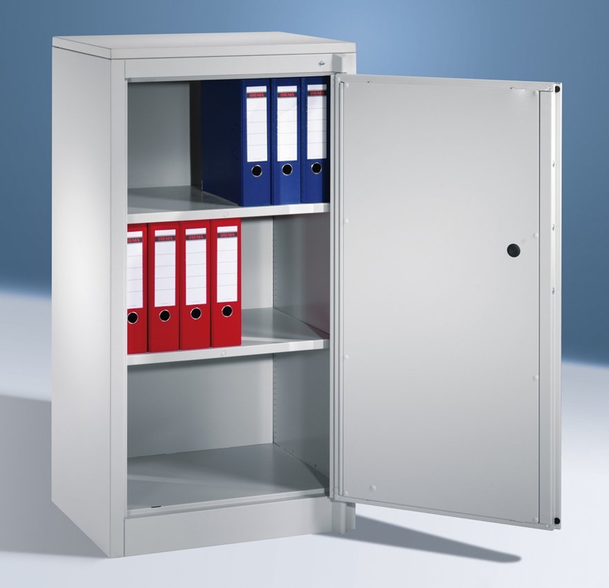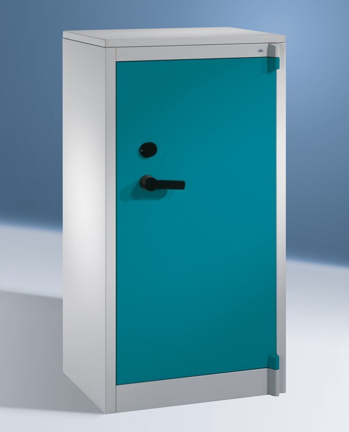 Skříň se zvýšenou ohnivzdorností jednodveřová šířka 650, výška 1226, hloubka 500 mm. Horní deska se dodává v dezénech světle šedá, celý popis a parametry
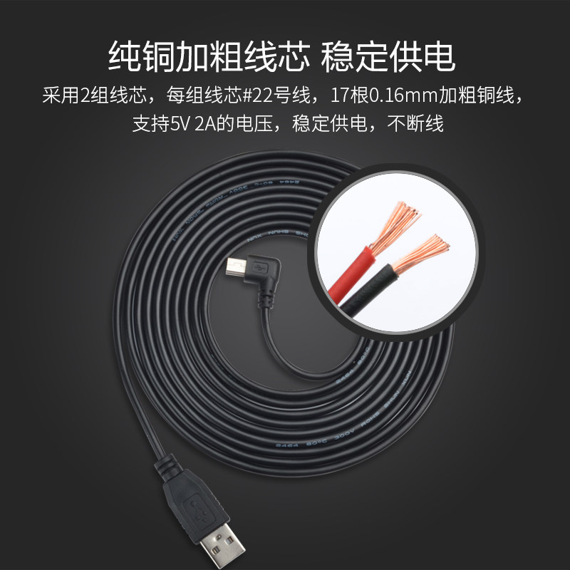 淘宝行车记录仪数据线3.5米miniUSB电源线T型V3口导航仪充电线usb5米
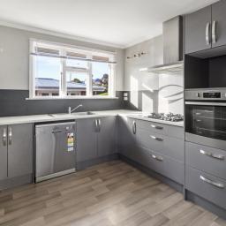 - The modern open-plan kitchen is equipped with a wall oven, cooktop, and dishwasher, making meal preparation a breeze

DESCRIPTION OF THE TASK: A word-for-word retyping of the material above is expected, without pictures.

SOLVED PROBLEM:
 Skříň se zvýšenou ohnivzdorností jednodveřová šířka 650, výška 1226, hloubka 500 mm. Horní deska se dodává v dezénech světle šedá, celý popis a parametry
 淘宝行车记录仪数据线3.5米miniUSB电源线T型V3口导航仪充电线usb5米
 - The modern open-plan kitchen is equipped with a wall oven, cooktop, and dishwasher, making meal preparation a breeze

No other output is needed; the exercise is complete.